AIM OF THE EXERCISE:
Among the entries below, one line contains "7일 정오, 서울 광화문" and another contains "[옷자락]여성 나시 레이어드 오버핏 맨투맨 조거팬츠 세트". Transcribe those two lines and every line between them, exactly.

PROVIDED MATERIAL:
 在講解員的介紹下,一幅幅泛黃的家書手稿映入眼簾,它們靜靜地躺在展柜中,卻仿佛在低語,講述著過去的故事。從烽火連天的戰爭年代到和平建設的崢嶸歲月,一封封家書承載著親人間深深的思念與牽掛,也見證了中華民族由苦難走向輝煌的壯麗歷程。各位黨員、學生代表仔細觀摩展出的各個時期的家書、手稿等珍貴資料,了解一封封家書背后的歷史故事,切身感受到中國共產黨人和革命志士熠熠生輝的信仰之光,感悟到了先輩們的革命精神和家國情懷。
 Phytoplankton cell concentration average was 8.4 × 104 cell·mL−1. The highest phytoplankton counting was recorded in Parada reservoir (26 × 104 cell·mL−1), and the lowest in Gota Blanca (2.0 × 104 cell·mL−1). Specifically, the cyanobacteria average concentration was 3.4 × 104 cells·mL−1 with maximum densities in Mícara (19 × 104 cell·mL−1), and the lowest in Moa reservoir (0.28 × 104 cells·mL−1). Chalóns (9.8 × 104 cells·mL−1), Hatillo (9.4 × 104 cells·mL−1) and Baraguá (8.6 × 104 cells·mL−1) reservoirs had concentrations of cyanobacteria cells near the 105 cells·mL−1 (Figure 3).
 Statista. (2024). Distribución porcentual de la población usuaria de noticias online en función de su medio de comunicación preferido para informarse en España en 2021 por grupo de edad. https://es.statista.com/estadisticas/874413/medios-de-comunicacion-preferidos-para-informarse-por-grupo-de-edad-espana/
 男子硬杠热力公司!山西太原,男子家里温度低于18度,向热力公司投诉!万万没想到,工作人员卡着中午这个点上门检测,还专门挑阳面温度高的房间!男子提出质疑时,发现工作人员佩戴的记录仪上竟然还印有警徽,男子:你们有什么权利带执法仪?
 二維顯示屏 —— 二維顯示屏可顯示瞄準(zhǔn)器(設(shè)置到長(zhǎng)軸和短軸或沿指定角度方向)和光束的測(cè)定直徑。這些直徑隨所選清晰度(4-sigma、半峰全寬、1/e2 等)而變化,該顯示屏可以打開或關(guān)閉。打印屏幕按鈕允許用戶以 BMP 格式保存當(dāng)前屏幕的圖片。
--
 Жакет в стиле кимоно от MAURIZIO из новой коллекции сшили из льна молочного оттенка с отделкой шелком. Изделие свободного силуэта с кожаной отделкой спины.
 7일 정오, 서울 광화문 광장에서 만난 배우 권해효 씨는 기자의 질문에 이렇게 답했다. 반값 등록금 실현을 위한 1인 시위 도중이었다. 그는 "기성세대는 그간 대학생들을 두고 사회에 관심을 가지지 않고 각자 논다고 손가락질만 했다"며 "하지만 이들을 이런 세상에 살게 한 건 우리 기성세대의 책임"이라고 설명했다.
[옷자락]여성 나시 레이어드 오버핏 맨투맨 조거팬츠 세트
* * *
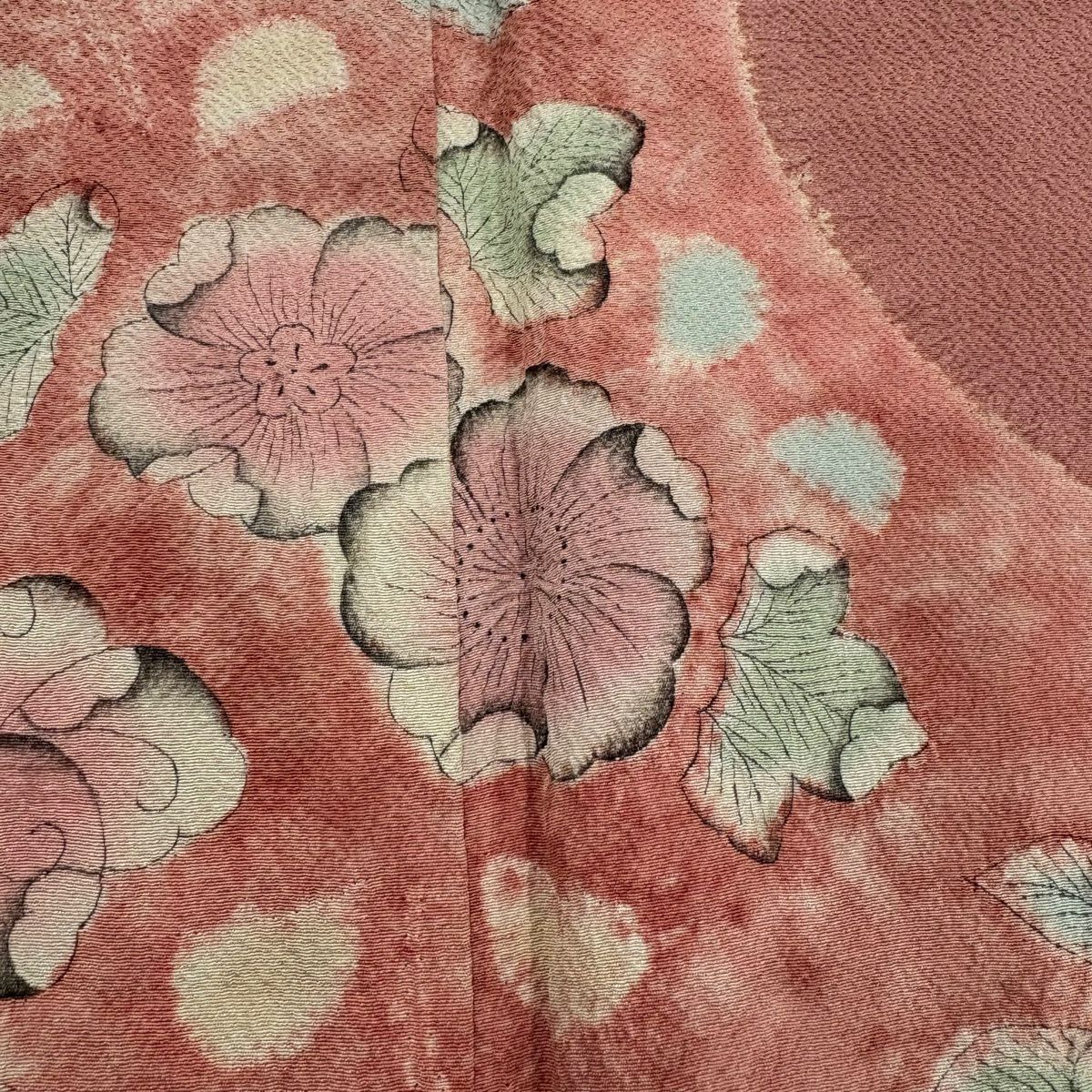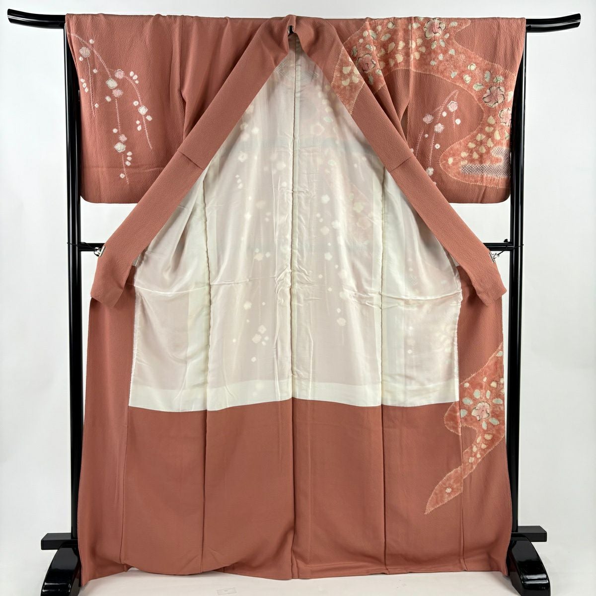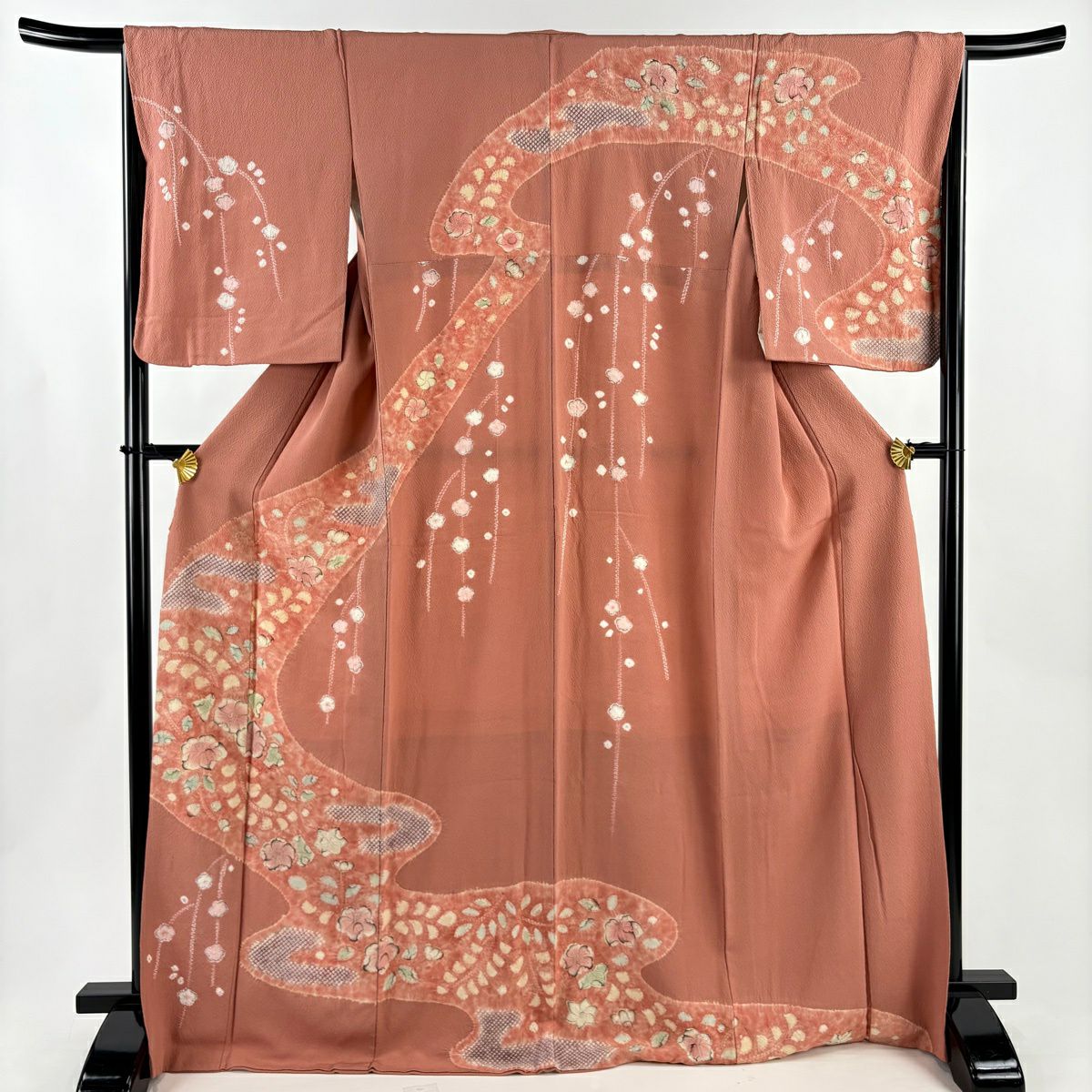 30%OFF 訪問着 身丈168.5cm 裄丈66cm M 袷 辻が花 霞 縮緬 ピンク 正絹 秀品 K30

RESPONSE TO THE EXERCISE:
 7일 정오, 서울 광화문 광장에서 만난 배우 권해효 씨는 기자의 질문에 이렇게 답했다. 반값 등록금 실현을 위한 1인 시위 도중이었다. 그는 "기성세대는 그간 대학생들을 두고 사회에 관심을 가지지 않고 각자 논다고 손가락질만 했다"며 "하지만 이들을 이런 세상에 살게 한 건 우리 기성세대의 책임"이라고 설명했다.
[옷자락]여성 나시 레이어드 오버핏 맨투맨 조거팬츠 세트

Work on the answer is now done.